Equalising CGT with income tax rates would cost Treasury almost £8bn a year – IG

Equalising capital gains tax (CGT) with income tax rates would cost the Treasury nearly £8bn a year, according to modelling from IG.

The investing and trading platform used HMRC’s published estimates and CGT taxpayer distribution data to estimate that the proposal would reduce Treasury revenues by around £7.8bn annually.

In May, former Health Secretary, Wes Streeting, who IG said was rumoured to be in the running for Chancellor if Andy Burnham becomes Prime Minister, proposed a ‘wealth tax’ in an interview that would see CGT matched to income tax’s banding system.

While Streeting stated the change could raise £12bn, analysis from IG suggested that, once taxpayer behavioural responses are accounted for, the move would reduce Treasury revenues.

IG said the loss would be primarily driven by the fact that higher CGT rates discourage investors from selling assets.

It estimated that the revenue impact from basic-rate taxpayers would be an increase of £10m a year.

However, for higher-rate taxpayers, the move would cost the Treasury £3.2bn annually, while for additional-rate taxpayers the impact would be -£4.6bn a year.

The firm urged policymakers to leave investment CGT rates unchanged to avoid sending the wrong message to potential investors when broader participation in capital markets was needed.

“In a few weeks we will have a new Prime Minister and possibly a new Chancellor in Downing Street,” said IG managing director of UK & Ireland, Michael Healy.

“While both will have a difficult job on their hands, we are urging whoever takes office not to reach for the tax lever when it comes to investing.

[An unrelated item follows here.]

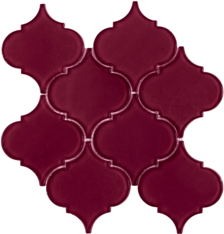 Product Sold By The SheetWater jet mosaic: Purple red shining glass in arabesque shape.Suggested Grout Color: Bostik Dimension Diamond H600WARNING: This product can expose you to chemicals including crystalline silica (airborne particles of respirable size) in dust created during fabrication/installation if the product is dry cut/ground or pulverized, which are known to the State of California to cause cancer. For more information, go to https://www.p65warnings.ca.gov/.

“At a time when we need more people investing and building long-term financial resilience, making investment gains significantly more heavily taxed risks discouraging participation.

“The UK already has some of the lowest levels of retail investment among major developed economies and we should be looking for ways to increase engagement, not reduce it.

“Our analysis, based on HMRC’s own published assumptions, suggests that aligning CGT with income tax rates would not only make investing less attractive but would also prove fiscally counterproductive, costing the Treasury billions of pounds.”